Exchange executives call for certainty amid prediction market boom

11th March, 2026

Radi Khasawneh

Senior executives at global exchanges have said that a consistent and stable framework for overseeing event contracts is needed as the market undergoes a historic expansion in the US.

Speaking on a panel at the FIA BOCA global cleared derivatives event on Tuesday, the chairman and chief executive of CME Group said that an apolitical approach would benefit the market as regulators finalise rulemaking covering the market.

“I think it’s a very difficult situation right now and there needs to be some clarity… the best way for prediction markets, crypto or anything like that to grow is you start to get some good, solid regulation around them that is sustainable through multiple administrations,” Terry Duffy (pictured) said at the event. “Not subject to administrations that are just going to take things up and take things down because of a lack of understanding.

“I think that is the biggest problem we have, especially with crypto and especially with predictions. So I’d like to see new applications and new ways of doing business work, but lets do it in a way that we all understand.”

Adena Friedman, chair and chief executive officer of Nasdaq agreed that consistent rules would be key for the market to thrive.

“We need clear rules of the road, markets thrive when we have consistent regulation,” Friedman said. “It allows investors first of all to be protected.
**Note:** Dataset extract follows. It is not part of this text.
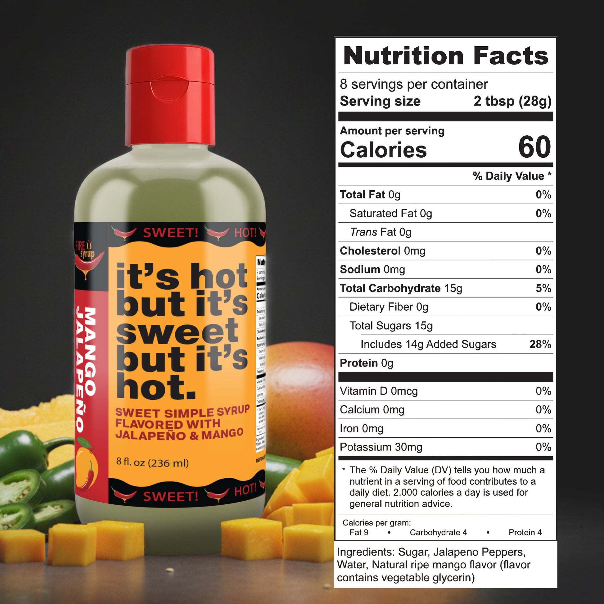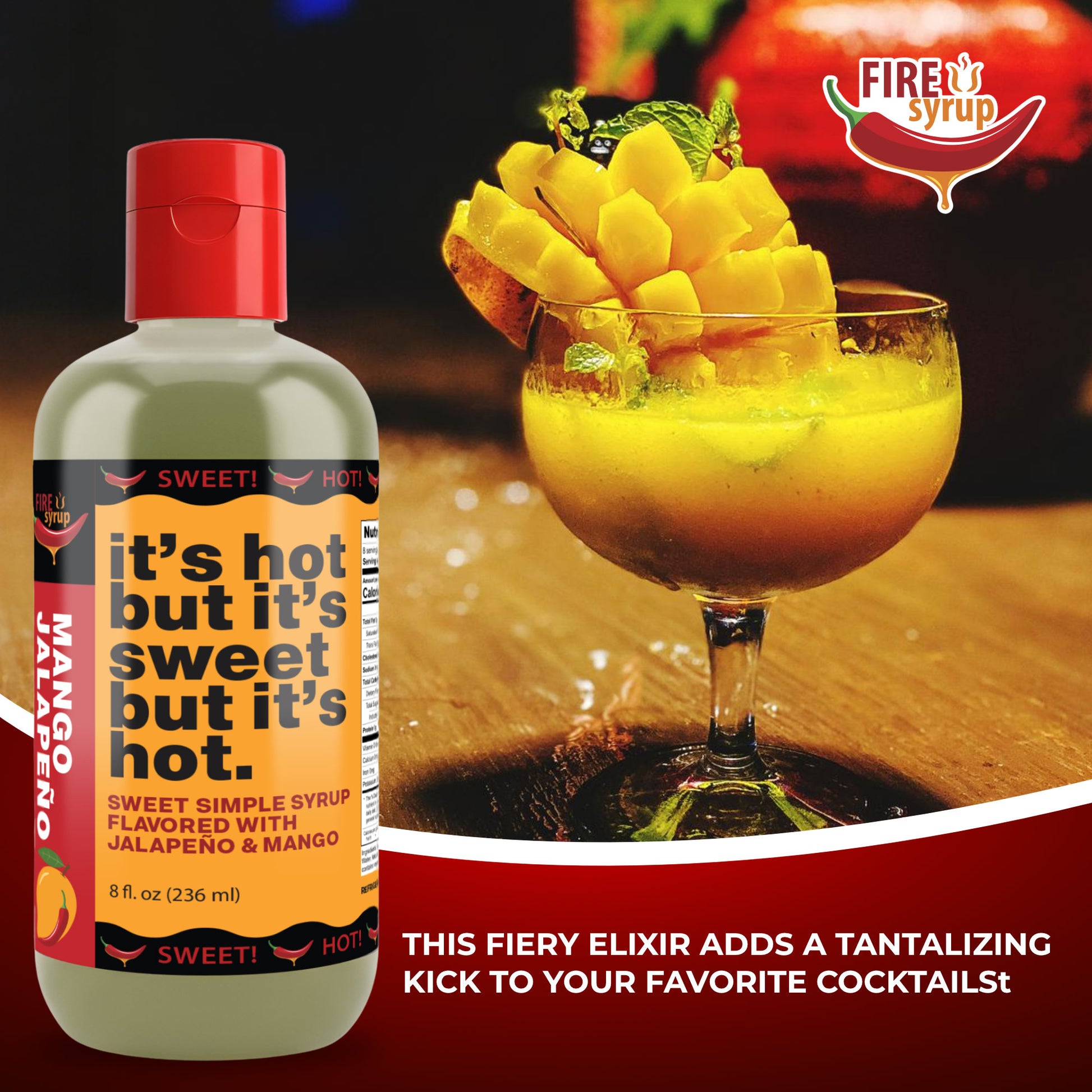 - MANGO JALAPENO FIRE SYRUP: This bottle of Fire Syrup is made with real jalapeno peppers with a touch of mango flavor! Get that sweet and spicy kick in every drop of this amazing cocktail syrup.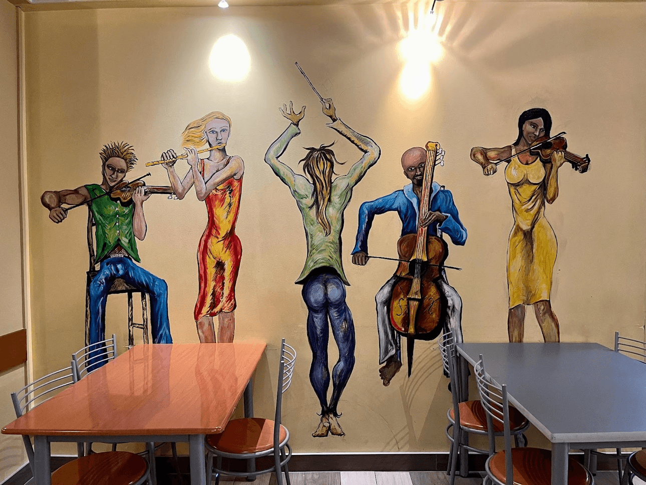 Once again, we are treated to bright yellow walls, which always cheers me up. There’s also this huge mural of what I can only describe as a “perky” group of musicians. I assume it was inherited rather than a proactive design choice, and I am absolutely here for it.

The second thing is that it allows us all to figure out how we can construct products that can be made available to investors in different forms to allow them to express themselves and their views about market outcomes.”
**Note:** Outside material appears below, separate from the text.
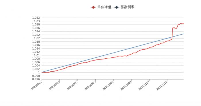 从净值走势来看,该产品12月10日前净值表现平稳,但产品收益持续跑输业绩比较基准利率,12月10日-12月17日期间,产品净值出现跃升,此后大幅跑赢业绩比较基准。课题组猜测,该产品为封闭式产品,无开放期申赎影响,产品净值上涨有可能是因为估值方式切换,也有可能是因为底层资产收益上行,产品业绩还有待持续观察。

Nasdaq this month applied for Securities and Exchange Commission approval to list and trade outcome-related-option (ORO) contracts on the Nasdaq-100 and Nasdaq-100 micro index.

“We want to make sure that within the confines of the rule base that we operate in we can create a construct that will work for investors,” Friedman said on the panel. “The idea we have is to do it on the Nasdaq 100, so it’s not on an individual stock, its on a basket of stocks and a product that we control.

“We are making it so that its an entry point for investors to come in and try to engage in options with a very simple contract… but with all the protections that our options markets provide to investors.”

Rival Cboe Global Markets this week also laid out their own SEC regulated version, which gives partial payouts through vertical spreads as a contract approaches the defined strike.

Most competitors, like the CME, have opted for Commodity Futures Trading Commission regulations that allow for “swaps” to be traded on defined outcomes.

Thomas Book, member of the executive board at Deutsche Boerse, sounded a note of caution on investor protection measures as these markets proliferate.

“We are in a situation where the regulatory view is very different when you look at Europe and you look at the US,” Book said. “These markets have been made possible by a change in regulatory perspective. Where do you see the need, and where does consumer protection start for people that could be addicted by betting on certain sports events or other things?”

Earlier at the same event, the chairs of both the SEC and CFTC committed to rulemaking and clarity on the nascent markets in separate keynote addresses.